# Country Flame NC-6 stove



## yuuper3 (Jun 30, 2015)

Recently purchased a 1991 NC-6 stove. Installed it into outside masonry chimney. Made a fire with the draft handle all the way out and lit the kindling. Added wood and then closed the door with the draft still open. As soon as the door was closed the flames diminished. They didn't go out but diminished. I put the draft part way in and it was going to put the fire out.  The chimney and piping is clean. I don't have a manual for the stove so I don't know if something could be blocked. There was  thread on your site that mentioned a mineral wool filter that was taken out and it helped with the draft. Any help would be appreciated. I contacted the firm that makes the current country flame stoves and the said that they had no info that it was the firm in Missouri that made the NC-6. They are out of business


----------



## begreen (Jun 30, 2015)

I have not run this stove but caught that review too and found it perhaps misleading. The condition you are describing is typical of poor draft. If the kindling was completely dry then most likely this is a draft issue. There are several things that can cause this, for example: outside temps too warm, chimney too short, chimney liner too large for the stove, and a leaky outside cleanout door.

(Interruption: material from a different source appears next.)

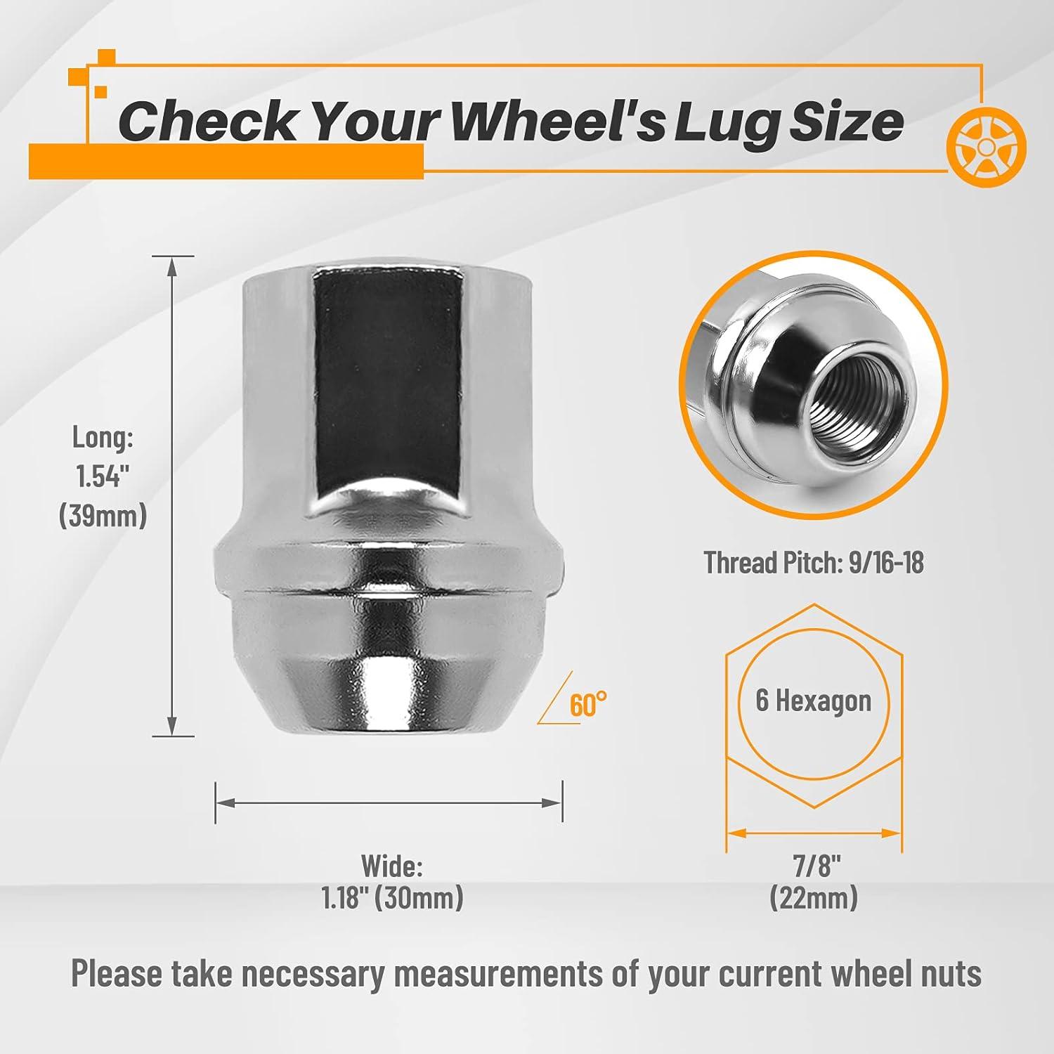 Specification: M14x1.5 Thread – 1.57″(40mm) Hight – 7/8″ (22mm) Hex – 1.2″(30mm) Wide, large conical 60 degree seat, closed end factory lug nuts, 24pcs oem lug nuts

How tall is the chimney? What is the ID of the chimney liner? Is there a stainless steel liner in the chimney that is matched to the stove's flue size?


----------



## yuuper3 (Aug 4, 2015)

The problem was not the chimney but the draft handle on the stove. I was able to return it to the seller and he said the draft was not opening far enough. So thanks for the help. Replaced it with a new Drolet stove and it is working ok.


----------